Integrating the KX Helm Charts with Prometheus
Metrics
The charts support exporting application metrics via an HTTP endpoint, allowing scraping by monitoring systems, typically Prometheus. The charts use the KX Fusion Prometheus Exporter to do this.
Note
Enabling metrics requires deployment of the Prometheus Monitoring Stack
Configuring Prometheus is a cluster administrator task, and is a large topic. We have provided some background below.
Metrics are disabled by default. They can be enabled via the metrics.enabled
boolean in the values.
To enable metrics globally via your values file.
global:
metrics:
enabled: true
Apply values files during installation
helm install insights kx-insights/insights -f example-values.yaml
Enabling metrics will enable an additional sidecar
container, to each of the component pods.
Notice your deployed component pods now have a second container (with a -sidecar
suffix) running.
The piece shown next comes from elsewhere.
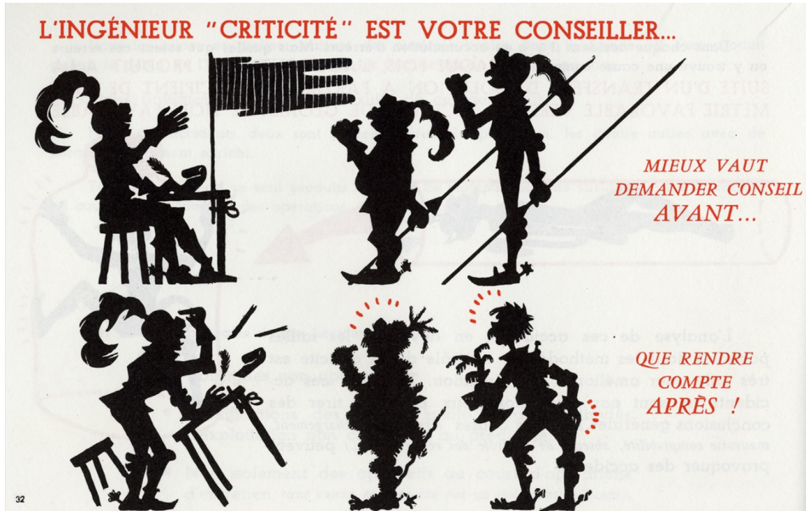
Figure 2. Le recours à l’imaginaire médiéval pour évoquer le risque de criticité. Plaquette «La criticité» (1967). VRH-2014-04-121.

You should now be able to open a shell to your component, and scrape its metrics port (TCP/8080 by default).
$ kubectl exec -it sts/insights-kxi-sp -- sh
Defaulting container name to kxi-sp.
Use 'kubectl describe pod/insights-kxi-sp-0 -n kx' to see all of the containers in this pod.
~ $
~ $ curl -s http://127.0.0.1:8080/metrics
# HELP kdb_info process information
# TYPE kdb_info gauge
kdb_info{release_date="2021.06.09", release_version="4", os_version="l64", process_cores="4", license_expiry_date="2022.03.05"} 1
# HELP memory_usage_bytes memory allocated
# TYPE memory_usage_bytes gauge
memory_usage_bytes 2359424
# HELP memory_heap_bytes memory available in the heap
# TYPE memory_heap_bytes gauge
memory_heap_bytes 6.710886e+07
# HELP memory_heap_peak_bytes maximum heap size so far
# TYPE memory_heap_peak_bytes gauge
memory_heap_peak_bytes 6.710886e+07
Metrics Scrape
Metrics are gathered locally and pulled by the metrics side-car.
Once metrics are in the side-car they can be scraped via a REST request to the side-car, or via a ServiceMonitor.
.z
Event Handlers
Metrics are gathered from the component container by overriding the .z namespace event handlers.
You can toggle metrics for each of the handlers with the relevant metrics.handler.*
key in your component values.yaml.
handler:
po: true
pc: true
wo: true
wc: true
pg: true
ps: true
ws: true
ph: true
pp: true
Details on what metrics are created can be seen here
ServiceMonitor
The charts can be configured to render ServiceMonitor resources. ServiceMonitor is a Custom Resource Definition (CRD) provided by the Prometheus Operator.
ServiceMonitor resources can be enabled by using the metrics.serviceMonitor.enabled
boolean in values.
The ServiceMonitor is disabled by default, and also requires metrics to be enabled.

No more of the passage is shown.